Tocaron a su puerta y gruñó.
—¡Voy! —exclamó—. Un momento.
Salió de la cama dando traspiés y se puso el camisón. Sería Kristina, deshaciéndose en disculpas. Y sabía que las aceptaría en el acto, y que seguidamente ella haría lo propio. Aunque a Kristina le habría resultado imposible saber dónde habían acabado la noche anterior, Hadley había seguido buscándola mientras bailaban entre la multitud del local subterráneo. No había perdido de vista la entrada y se había vuelto cada vez que veía una melena rubia lacia y brillante u oía un repentino estallido de risa. Lausana simplemente no era la misma sin Kristina. Abrió la puerta con una sonrisa en los labios.

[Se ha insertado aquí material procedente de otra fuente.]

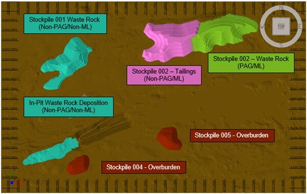- Stockpile 002 will be fully lined to account for the metal-leaching potential (As) of the tailings stored in the facility and for the potentially acid-generating nature of waste material stored in the facility. The construction, operation and closure of this lined facility (including the water management aspect of its design and operation) is fully costed in the Feasibility Study.

El agente de policía la miró fijamente. Y cuando empezó a hablar, pese a hacerlo en un francés lento y mesurado, ella no entendía lo que le decía. Le escuchó mencionar la Rue des Mirages, pero no le sonaba de nada. Después pronunció el nombre de Kristina. Hadley se dirigió a él en inglés. «Lo siento —dijo—, no le entiendo». Él hizo girar su gorra entre las manos. Sus siguientes palabras las pronunció con mucha delicadeza, en tono muy bajo, de hecho, con tanta dulzura que ella pensó que lo había entendido mal, hasta el preciso instante en el que se desmayó con un tremendo fogonazo de luz blanca.